Listed records:
::::::
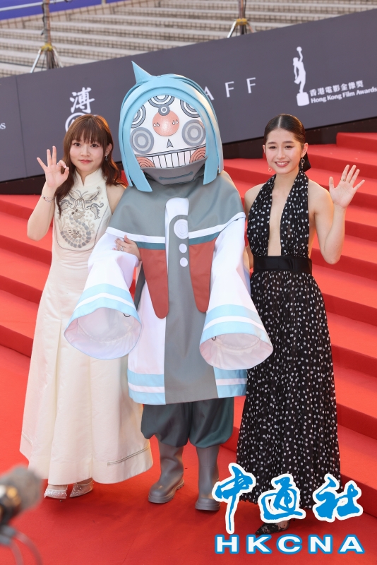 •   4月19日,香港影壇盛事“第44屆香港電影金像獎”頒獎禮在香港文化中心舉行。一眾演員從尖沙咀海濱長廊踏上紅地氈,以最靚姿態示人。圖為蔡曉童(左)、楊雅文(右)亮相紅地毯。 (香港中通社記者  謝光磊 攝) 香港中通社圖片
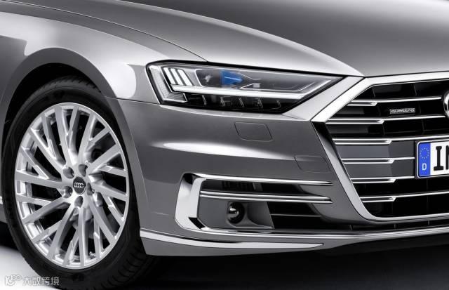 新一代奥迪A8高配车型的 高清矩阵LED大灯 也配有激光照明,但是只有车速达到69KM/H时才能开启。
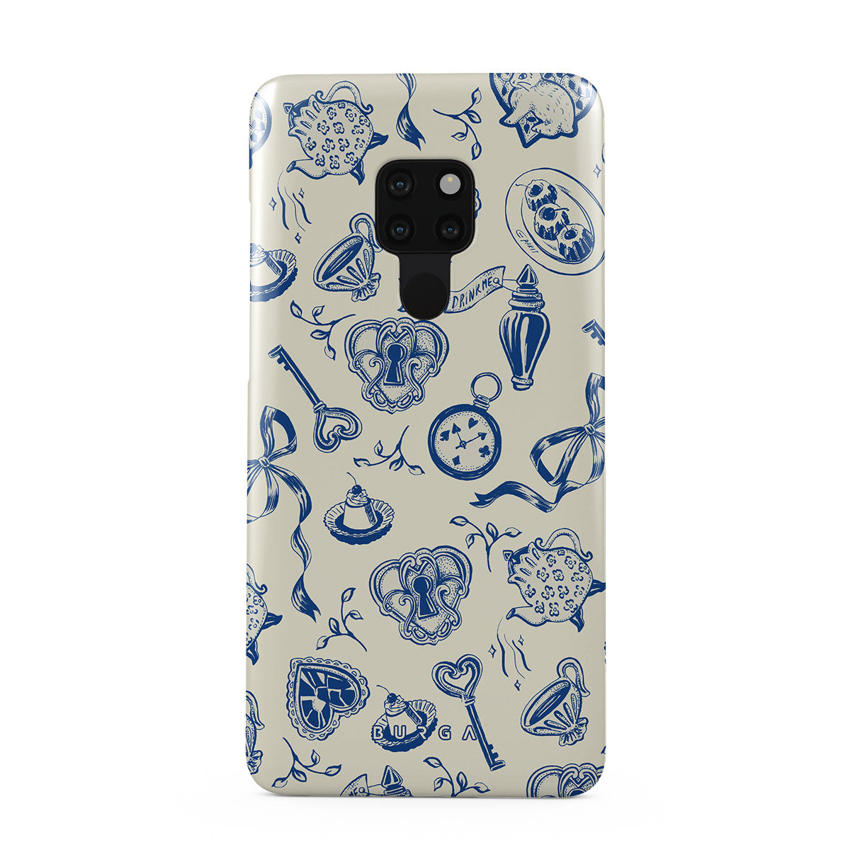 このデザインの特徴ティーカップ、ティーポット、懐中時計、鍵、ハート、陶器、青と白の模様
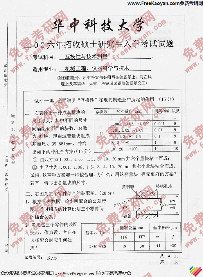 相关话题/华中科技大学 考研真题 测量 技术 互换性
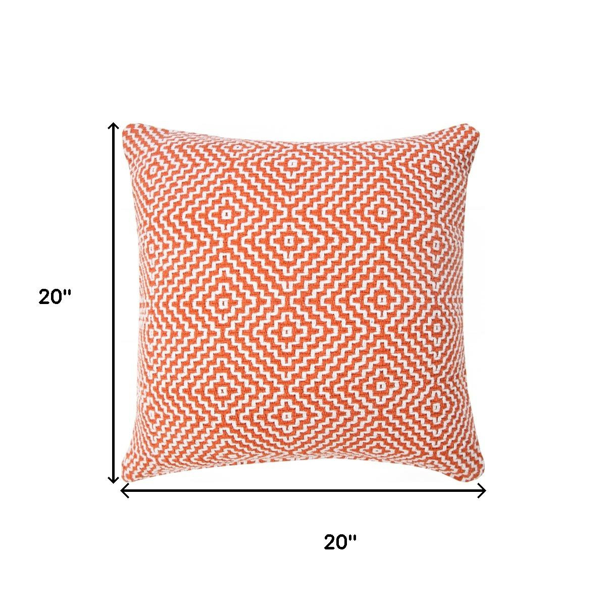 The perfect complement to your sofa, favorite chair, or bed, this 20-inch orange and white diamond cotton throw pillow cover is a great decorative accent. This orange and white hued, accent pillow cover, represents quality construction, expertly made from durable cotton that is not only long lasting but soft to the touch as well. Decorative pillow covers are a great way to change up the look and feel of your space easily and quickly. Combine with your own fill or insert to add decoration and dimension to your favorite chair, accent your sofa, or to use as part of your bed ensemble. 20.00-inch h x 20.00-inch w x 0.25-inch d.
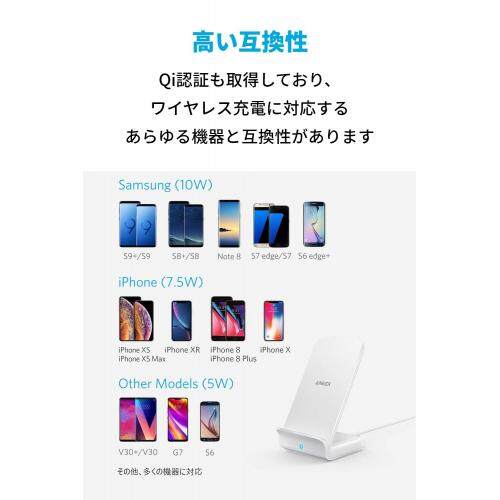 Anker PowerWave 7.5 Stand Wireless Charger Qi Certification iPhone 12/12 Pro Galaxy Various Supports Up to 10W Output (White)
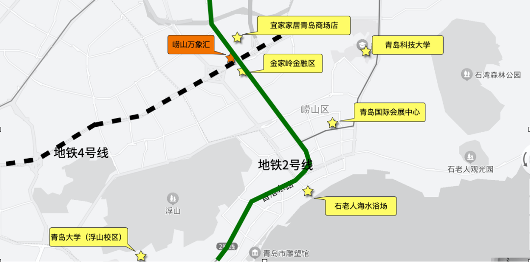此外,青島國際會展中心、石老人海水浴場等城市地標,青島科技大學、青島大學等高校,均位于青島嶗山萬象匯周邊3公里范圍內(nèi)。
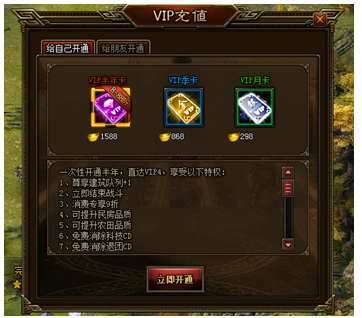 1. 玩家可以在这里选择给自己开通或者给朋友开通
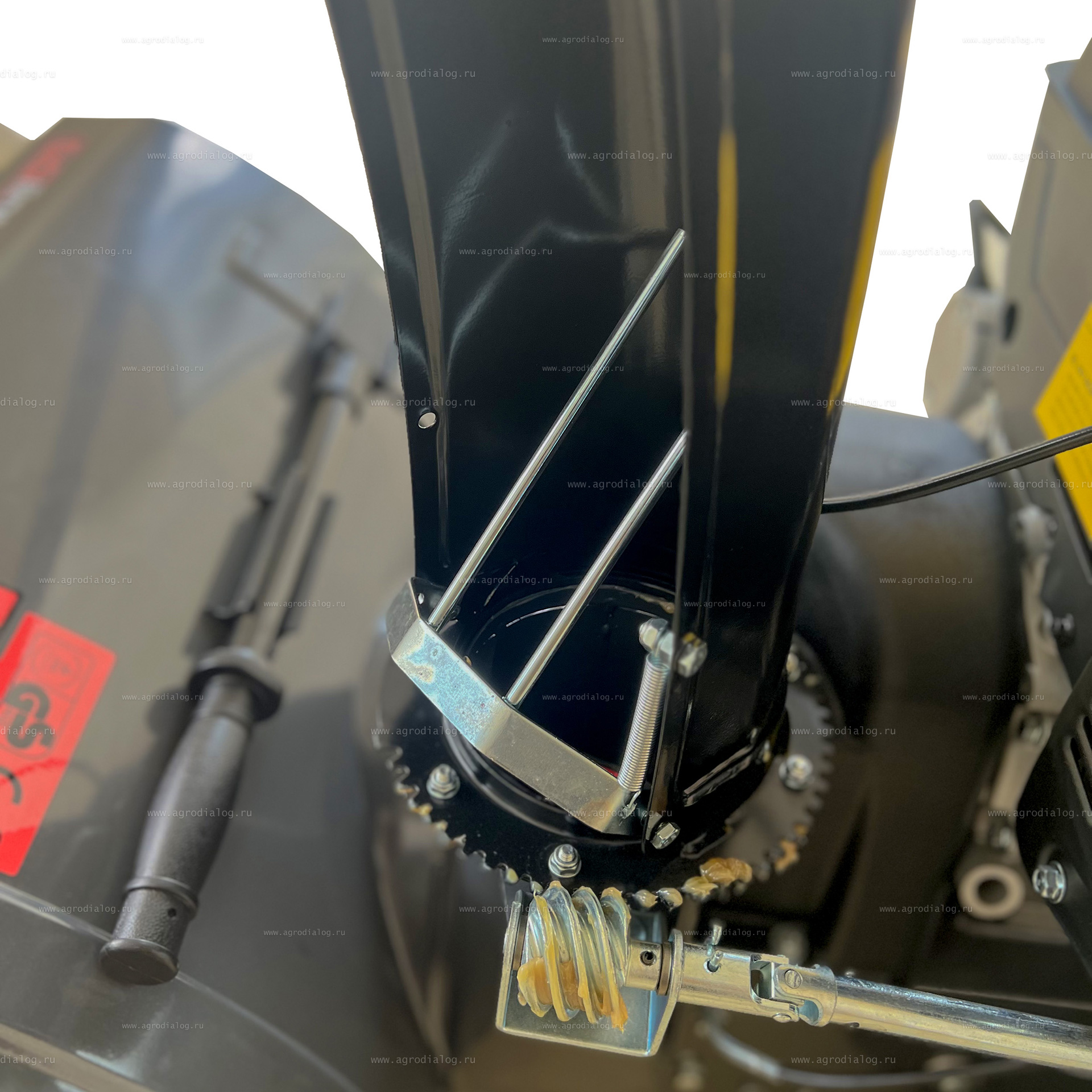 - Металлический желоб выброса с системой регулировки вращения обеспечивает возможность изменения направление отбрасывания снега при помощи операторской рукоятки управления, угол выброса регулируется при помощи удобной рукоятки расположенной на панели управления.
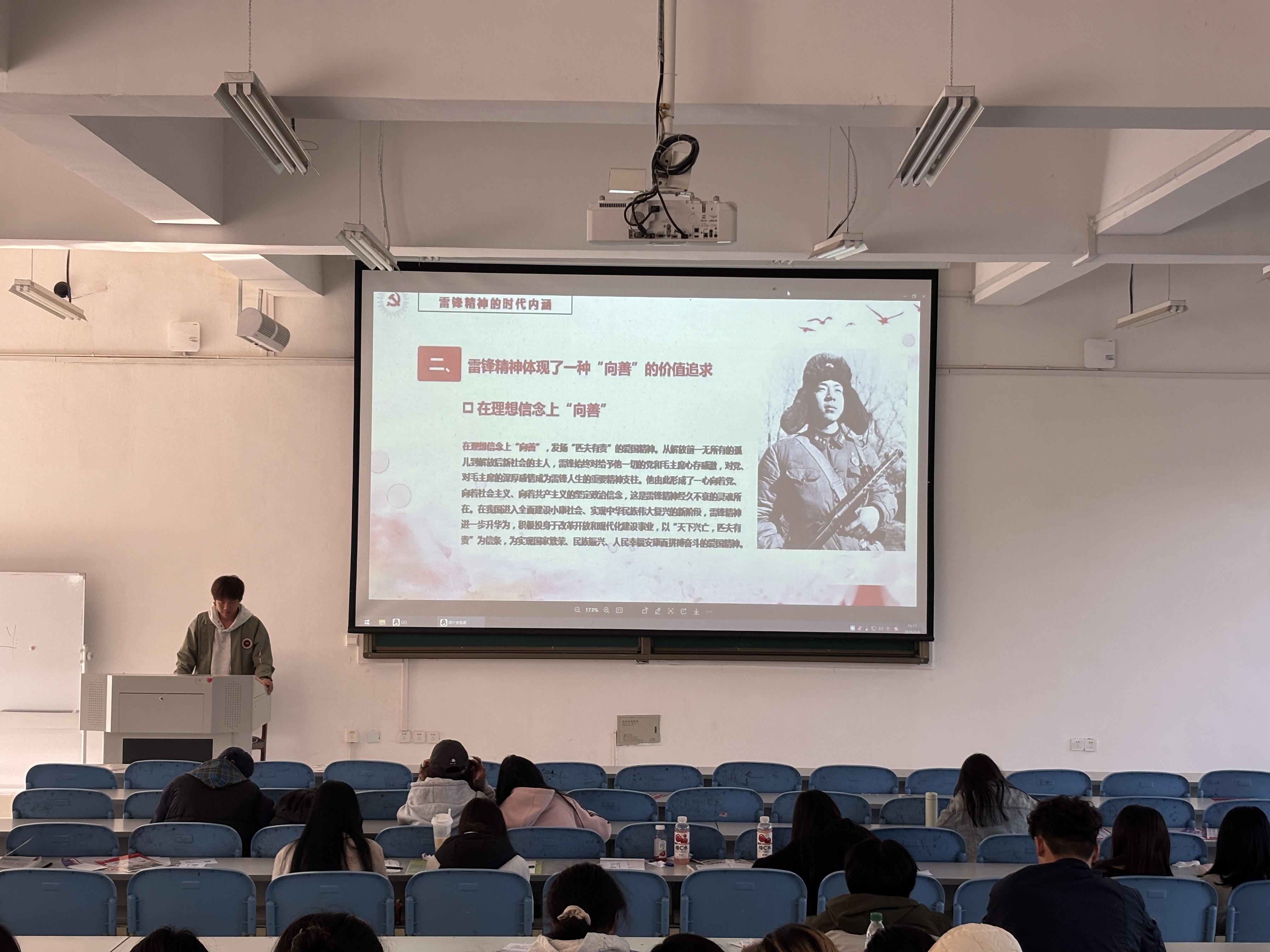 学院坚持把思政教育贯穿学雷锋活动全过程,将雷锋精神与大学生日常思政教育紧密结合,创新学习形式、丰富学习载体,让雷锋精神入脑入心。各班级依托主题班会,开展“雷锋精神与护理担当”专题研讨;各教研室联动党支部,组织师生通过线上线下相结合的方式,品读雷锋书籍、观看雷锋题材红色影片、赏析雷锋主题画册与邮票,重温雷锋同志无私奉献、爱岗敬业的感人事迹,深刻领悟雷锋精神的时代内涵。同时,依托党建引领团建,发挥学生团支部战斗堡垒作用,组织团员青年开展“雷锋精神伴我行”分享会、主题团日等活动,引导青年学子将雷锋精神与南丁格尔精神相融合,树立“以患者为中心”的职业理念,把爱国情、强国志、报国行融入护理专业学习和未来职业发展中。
::::::
What you have to do:
Your answer must be the full listing, reproduced word for word, without its pictures.

Solution for this problem:
 •   4月19日,香港影壇盛事“第44屆香港電影金像獎”頒獎禮在香港文化中心舉行。一眾演員從尖沙咀海濱長廊踏上紅地氈,以最靚姿態示人。圖為蔡曉童(左)、楊雅文(右)亮相紅地毯。 (香港中通社記者  謝光磊 攝) 香港中通社圖片
 新一代奥迪A8高配车型的 高清矩阵LED大灯 也配有激光照明,但是只有车速达到69KM/H时才能开启。
 このデザインの特徴ティーカップ、ティーポット、懐中時計、鍵、ハート、陶器、青と白の模様
 相关话题/华中科技大学 考研真题 测量 技术 互换性
 The perfect complement to your sofa, favorite chair, or bed, this 20-inch orange and white diamond cotton throw pillow cover is a great decorative accent. This orange and white hued, accent pillow cover, represents quality construction, expertly made from durable cotton that is not only long lasting but soft to the touch as well. Decorative pillow covers are a great way to change up the look and feel of your space easily and quickly. Combine with your own fill or insert to add decoration and dimension to your favorite chair, accent your sofa, or to use as part of your bed ensemble. 20.00-inch h x 20.00-inch w x 0.25-inch d.
 Anker PowerWave 7.5 Stand Wireless Charger Qi Certification iPhone 12/12 Pro Galaxy Various Supports Up to 10W Output (White)
此外,青島國際會展中心、石老人海水浴場等城市地標,青島科技大學、青島大學等高校,均位于青島嶗山萬象匯周邊3公里范圍內(nèi)。
 1. 玩家可以在这里选择给自己开通或者给朋友开通
 - Металлический желоб выброса с системой регулировки вращения обеспечивает возможность изменения направление отбрасывания снега при помощи операторской рукоятки управления, угол выброса регулируется при помощи удобной рукоятки расположенной на панели управления.
 学院坚持把思政教育贯穿学雷锋活动全过程,将雷锋精神与大学生日常思政教育紧密结合,创新学习形式、丰富学习载体,让雷锋精神入脑入心。各班级依托主题班会,开展“雷锋精神与护理担当”专题研讨;各教研室联动党支部,组织师生通过线上线下相结合的方式,品读雷锋书籍、观看雷锋题材红色影片、赏析雷锋主题画册与邮票,重温雷锋同志无私奉献、爱岗敬业的感人事迹,深刻领悟雷锋精神的时代内涵。同时,依托党建引领团建,发挥学生团支部战斗堡垒作用,组织团员青年开展“雷锋精神伴我行”分享会、主题团日等活动,引导青年学子将雷锋精神与南丁格尔精神相融合,树立“以患者为中心”的职业理念,把爱国情、强国志、报国行融入护理专业学习和未来职业发展中。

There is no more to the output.